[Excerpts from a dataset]
********************
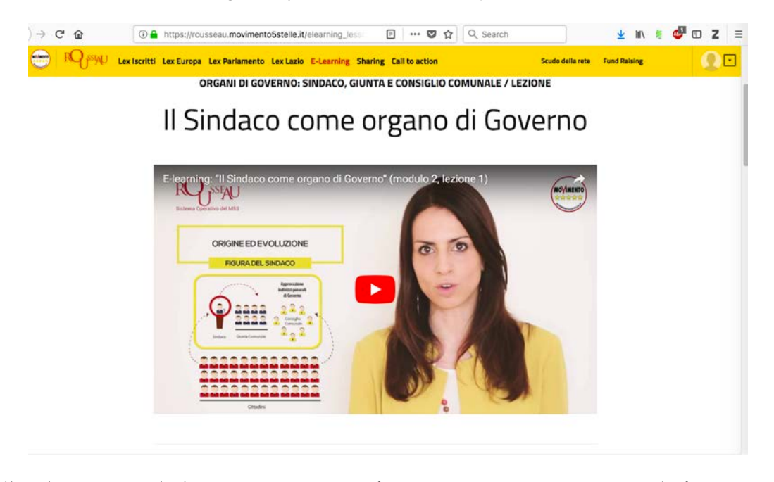
Figure 5: A tutorial in the E-learning area of Rousseau

Overall, E-learning and Sharing are meant to function as peer mentoring tools for an emerging class of citizens at their first institutional experience. In this respect, Rousseau functions also as a co-training platform, which replaces to a certain extent a political party's cadre school. To be sure, large political parties can offer their perspective cadres training programs that go well beyond counseling for inexperienced administrators. Yet Rousseau could develop this more strictly political educational function in other areas of the platform (including the still incubating Activism) in the future.
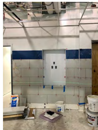
Installation of terrazzo base and wall tile at 4 th floor corridors Academic Building.
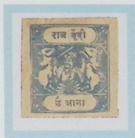
Like SG O4B var. 6 annas light blue s/b cobalt White medium wove paper Type A inscription, ovpt. O2 on BACK F1 forgery cliché D
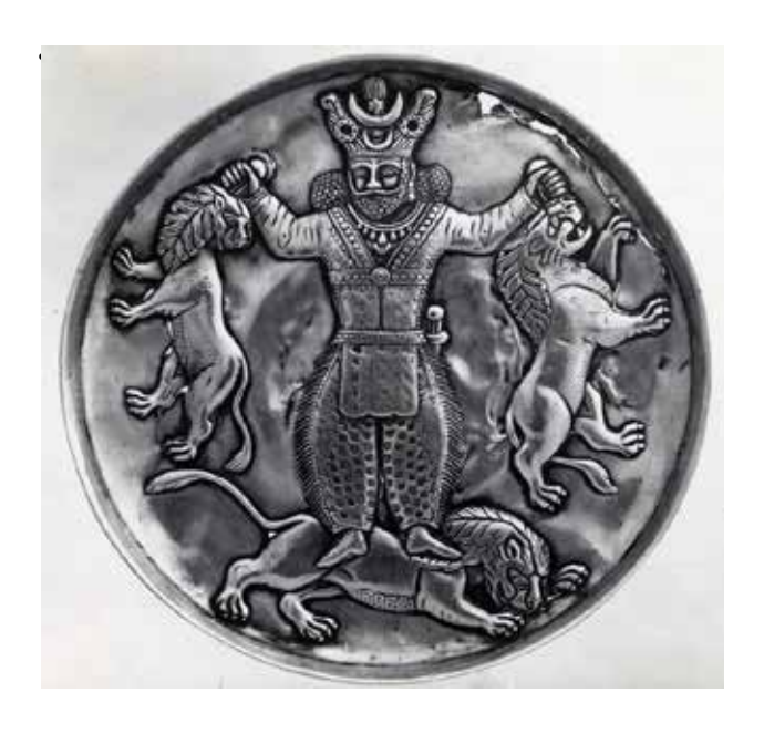
Fig. 2. Sasanian commander depicted as an epic hero.
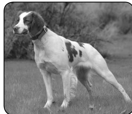
CH ALMADEN'S LONE SHADOW DANCER
********************
(ACTIVITY):
Extract only the lines from the line containing "Installation of terrazzo" through the final line of the records; keep both ends and drop every picture.

(COMPLETED EXERCISE):
Installation of terrazzo base and wall tile at 4 th floor corridors Academic Building.
Like SG O4B var. 6 annas light blue s/b cobalt White medium wove paper Type A inscription, ovpt. O2 on BACK F1 forgery cliché D
Fig. 2. Sasanian commander depicted as an epic hero.
CH ALMADEN'S LONE SHADOW DANCER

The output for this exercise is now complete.